Pictures excluded, reproduce exactly the lines below from the one with "Lees MeerDe boerderij" through the one with "Гжель — один", both included.

#### [DATASET ENTRIES]
___
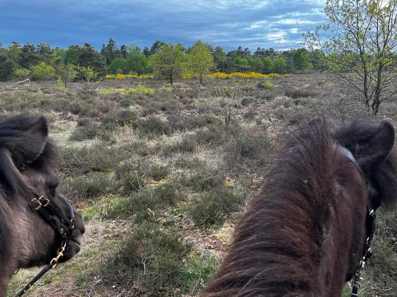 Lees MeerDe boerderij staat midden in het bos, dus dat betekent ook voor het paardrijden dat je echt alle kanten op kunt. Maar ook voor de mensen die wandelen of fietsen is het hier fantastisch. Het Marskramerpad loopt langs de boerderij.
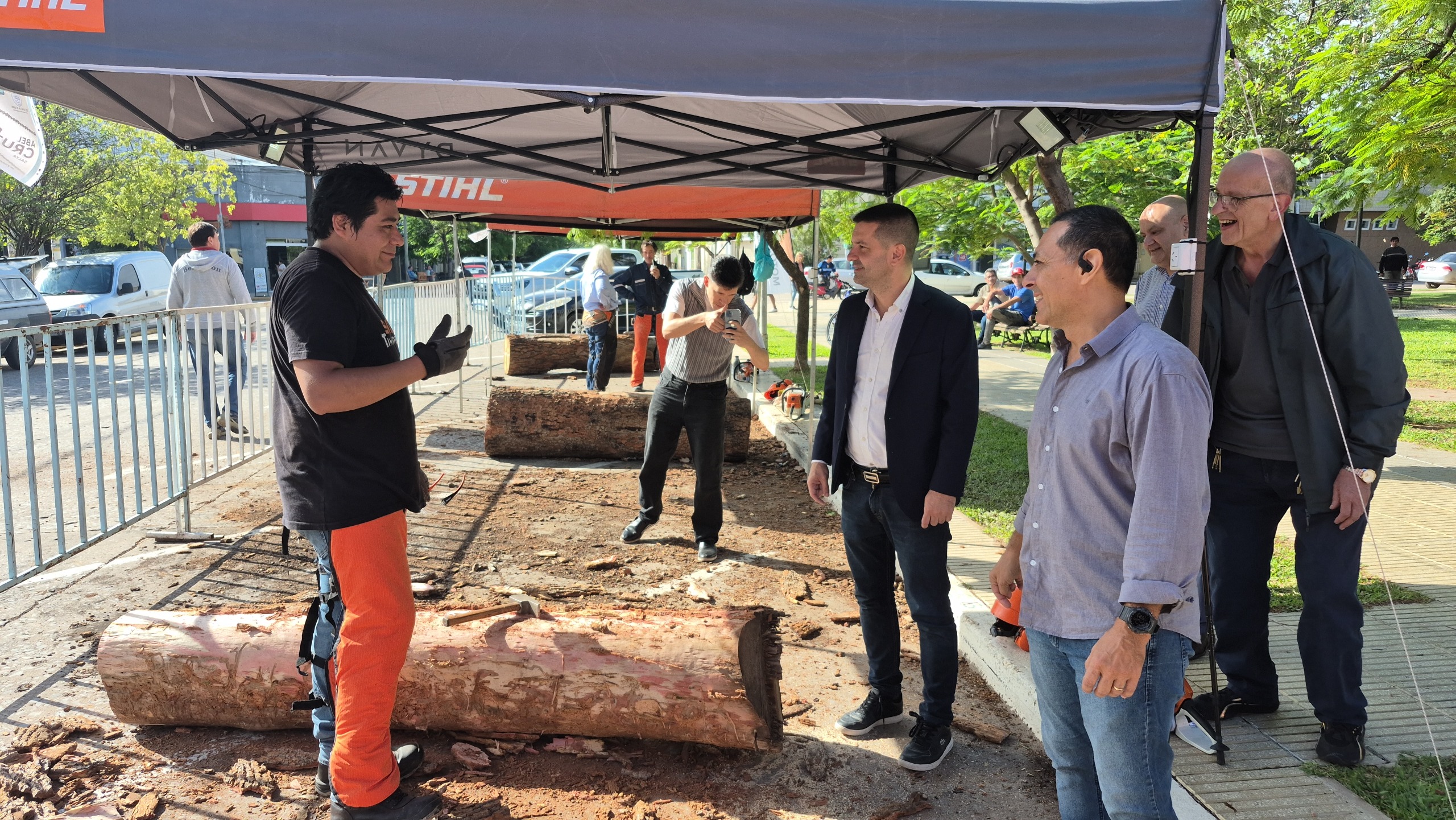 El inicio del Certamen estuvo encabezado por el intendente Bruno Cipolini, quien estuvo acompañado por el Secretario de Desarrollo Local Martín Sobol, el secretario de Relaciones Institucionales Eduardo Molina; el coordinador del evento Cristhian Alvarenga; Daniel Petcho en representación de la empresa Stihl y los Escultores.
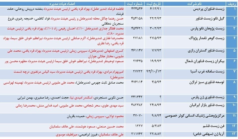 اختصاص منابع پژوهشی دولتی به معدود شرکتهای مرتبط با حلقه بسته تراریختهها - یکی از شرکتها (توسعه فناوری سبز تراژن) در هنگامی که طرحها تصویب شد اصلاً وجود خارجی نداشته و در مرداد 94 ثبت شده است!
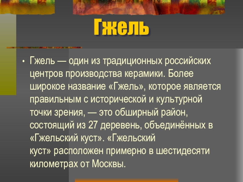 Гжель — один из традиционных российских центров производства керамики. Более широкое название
___
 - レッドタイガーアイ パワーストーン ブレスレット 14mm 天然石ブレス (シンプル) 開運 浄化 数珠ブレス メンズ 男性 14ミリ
___
#### [REPLY]
 Lees MeerDe boerderij staat midden in het bos, dus dat betekent ook voor het paardrijden dat je echt alle kanten op kunt. Maar ook voor de mensen die wandelen of fietsen is het hier fantastisch. Het Marskramerpad loopt langs de boerderij.
 El inicio del Certamen estuvo encabezado por el intendente Bruno Cipolini, quien estuvo acompañado por el Secretario de Desarrollo Local Martín Sobol, el secretario de Relaciones Institucionales Eduardo Molina; el coordinador del evento Cristhian Alvarenga; Daniel Petcho en representación de la empresa Stihl y los Escultores.
 اختصاص منابع پژوهشی دولتی به معدود شرکتهای مرتبط با حلقه بسته تراریختهها - یکی از شرکتها (توسعه فناوری سبز تراژن) در هنگامی که طرحها تصویب شد اصلاً وجود خارجی نداشته و در مرداد 94 ثبت شده است!
 Гжель — один из традиционных российских центров производства керамики. Более широкое название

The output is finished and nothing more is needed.